Saturday, April 08, 2006

The Gospel of Judas According to Jorge Luis Borges

The tiresome and hidebound traditions of Easter are upon us again. I speak not of Easter Bunnies, jellybeans, and dyed eggs, nor joyous Christians proclaiming that "Christ is Risen, Indeed!" but rather I refer to the obligatory trashing of Christian orthodoxy arising as if automatically from the Anything But Christianity factions of the American media. The upcoming release of The Da Vinci Code has brought out the worst in this sector.

National Geographic, once an institution of deserved admiration, has cashed in its reputation to sensationalize a new collection of papyri called the Gospel of Judas, mimicking Dan Brown's contention that orthodox Christianity covered up "what really happened." Many other competent efforts have already been written to deride and to debunk the dismal tabloid-quality "true histories" appearing in the national press, and some of these writings have been ably collected in one location by the enviable Amy Welborn.

Therefore to avoid redundant whippings of those tiresome irreverent hipsters who are denouncing orthodox Christianity as squaresville, I'll simply excerpt an acknowledged work of fiction by Jorge Luis Borges.
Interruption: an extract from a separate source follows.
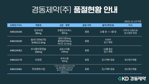 품절미송 12월 15일ㅣ품절 및 입고 일정 안내 작성자관리자 등록일 25-12-15 조회52회 업로드 일시 2025-12-15 품절 & 입고 경동제약, 구주제약, 팜젠사이언스, 대우제약 본문 12월 17일ㅣ품절 및 입고 일정 안내 12월 11일ㅣ품절 및 입고 일정 안내 목록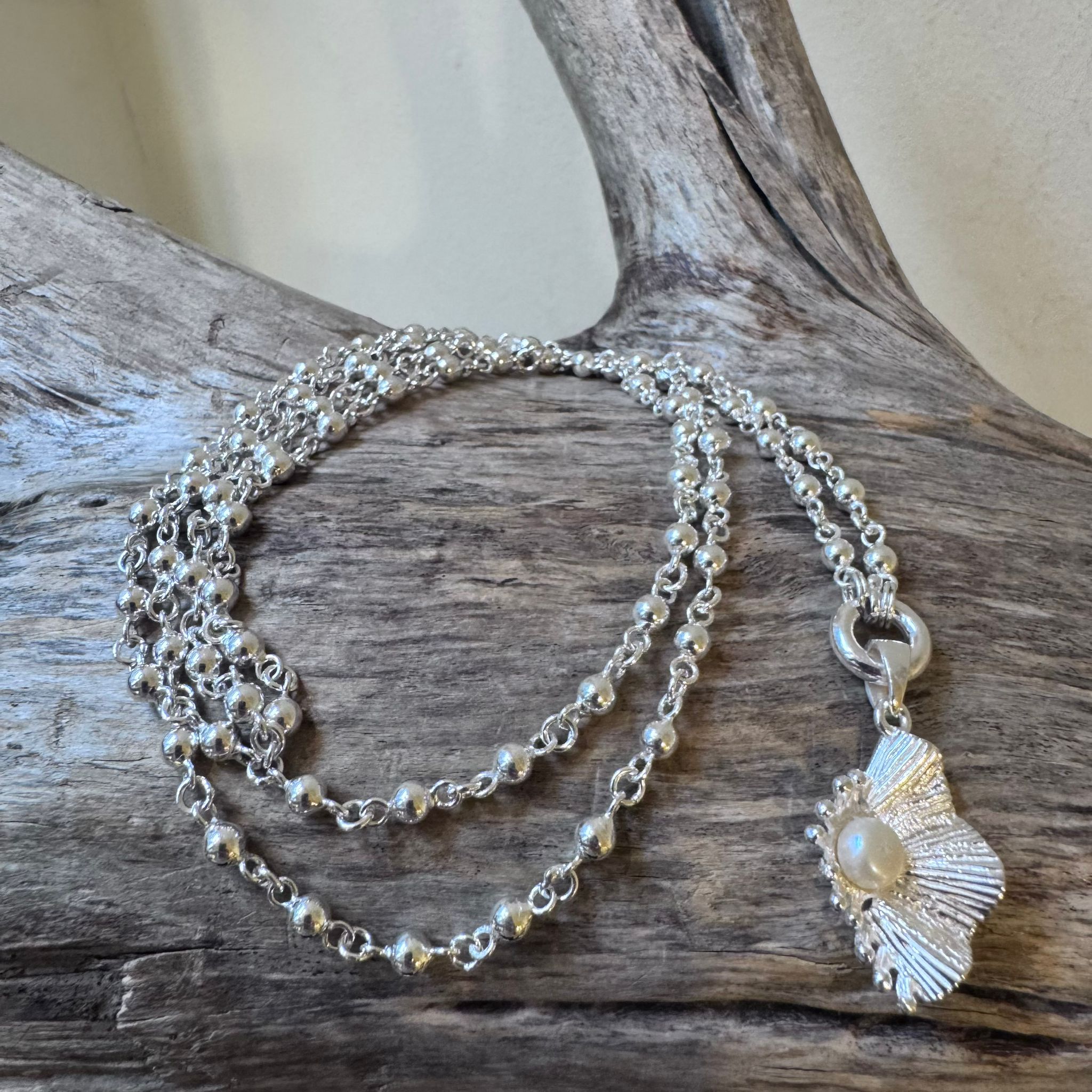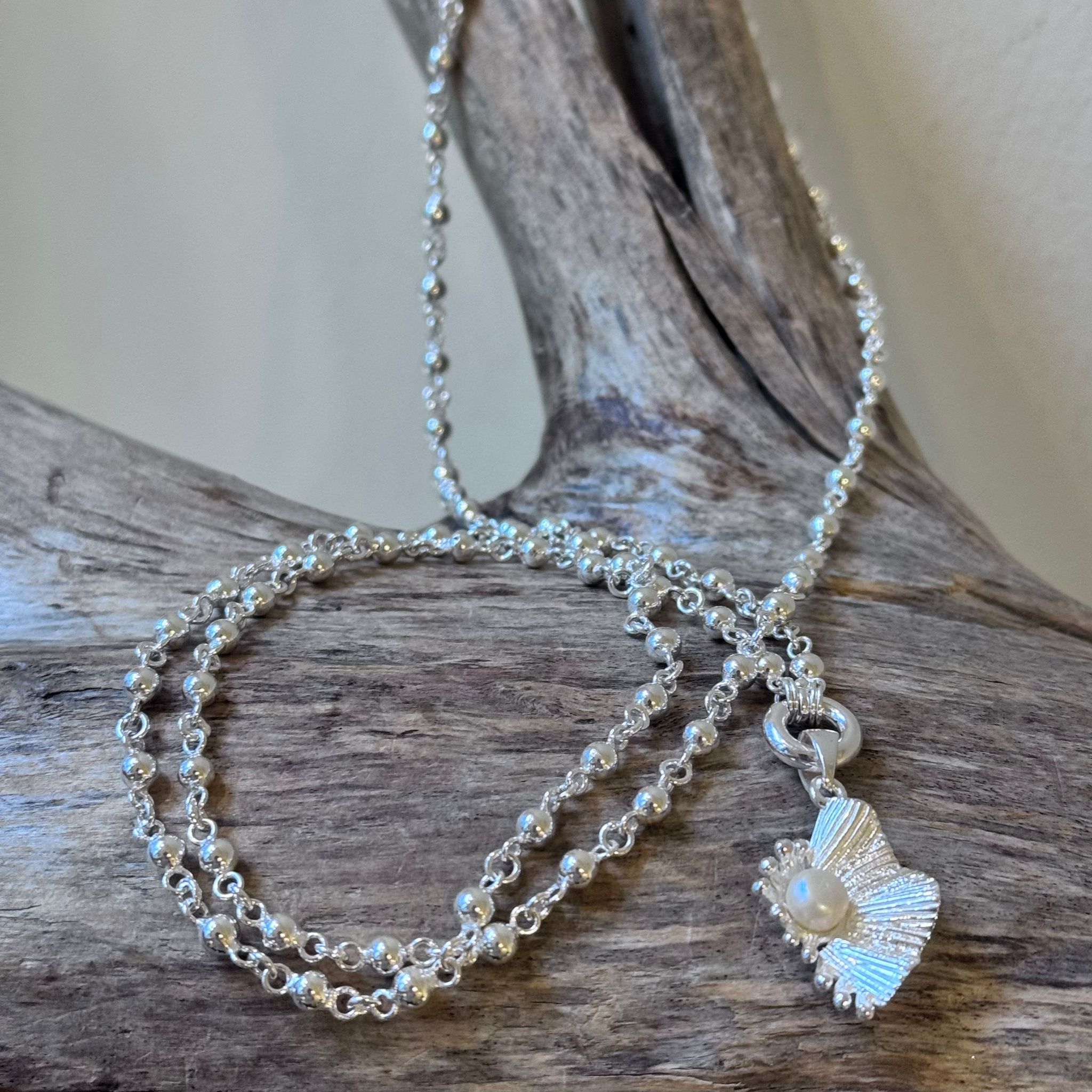 Schöne lange Kette aus Sterlingsilber (3mm). Die Kette hat eine Länge von 89,5cm und kann, zweimal um den Hals gewickelt auch als kurze Kette getragen werden. Der dekorative Anhänger aus Sterlingsilber mit einer Süsswasserperle hat die Masse von 3,2x2,7cm.

His story titled "Three Versions of Judas" has the style of a thinly-disguised imaginary scholarly article. Borges creates a theologian by the name of Nils Runeberg, who through the course of his research develops several different understandings of Judas Iscariot. To the excerpt:

The first edition of Kristus och Judas bears the following categorical epigraph, whose meaning, years later, Nils Runeberg himself would monstrously expand: "Not one, but all of the things attributed by tradition to Judas Iscariot are false." Preceded by a German, De Quincey speculated that Judas reported Jesus to the authorities in order to force him to reveal his divinity and thus ignite a vast rebellion against the tyranny of Rome...


These fictional thelogians' ruminations resemble a recent controversy over the role of Judas, which focused upon the proper translation of the Greek word "paradidomi." Judas, the argument held, actually just "handed over" instead of "betrayed" Christ, for reasons described in words similar to those of Borges. This controversy was likewise reported in an utterly predicatable fit of anti-orthodox media frenzy. It would be very amusing to think that this artificial news story could have begun with a lazy theologian paging through the stories of the magical realist Borges.

Another later development in the thought of Borges' "Runeberg" begins with Isaiah 52:2-3: "For he shall grow up before him as a tender plant, and as a root out of a dry ground; he hath no form nor comeliness; and when we shall see him, there is no beauty that we should desire him. He is despised and rejected of men, a man of sorrows, and acquainted with grief." Borges describes the eccentric's exegesis as follows:

...for Runeberg, the punctual prophesy not of a moment but of the whole atrocious future, in time and in eternity, of the Word made flesh. God made Himself totally a man but a man to the point of infamy, a man to the point of reprobation and the abyss.


Judging from what little I have read of Hans Urs von Balthasar's more elaborate and probably heretical ruminations on Good Friday and the descent into hell. Balthasar pushed the idea of Christ's self-emptying kenosis up to, if not past, the breaking point seeming at times to separate the person of Christ from the Trinity itself. Paradoxically, there is a prima facie similarity between Borges' heretic and one of the most prominent and least disobedient Catholic theologians of the twentieth century! But Borges continues:

To save us, He could have chosen any of the destinies which make up the complex web of history; He could have been Alexander or Pythagoras or Rurik or Jesus; He chose the vilest destiny of all: He was Judas.


Unlike von Balthasar, who died a cardinal-elect, The fictonal theologian's life did not end well:

Drunk with insomnia and vertiginous dialectic, Nils Runeberg wandered through the streets of Malmo, begging at the top of his voice that he be granted the grace of joining his Redeemer in Hell.


Like Runeberg, all the faddish heresies on display this year end up calling hell the true Heaven. This revolutionary(!) secret has been improbably but effectively hidden by the unthinking dogmatists of the Christian church for two millennia, until courageous journalists and free-thinking professors bring the truth to light in their writings--now in paperback and coming soon to the big screen! By some trick of logic, this ancient church is supposed to have been simultaneously entirely corrupt and obscurantist, yet also omnicompetent in its suppression of this heresy, which was of course the real orthodoxy. To expand a Chestertonian aphorism: if the Catholic Church was not founded by Christ, it was indubitably founded by Antichrist.

And so polemics have come full-circle, and elite media is once again voicing the anti-papal polemics of the Reformation, this time combining such harsh words with a luciferian antipathy towards God Himself.

Lord, have mercy on our human folly!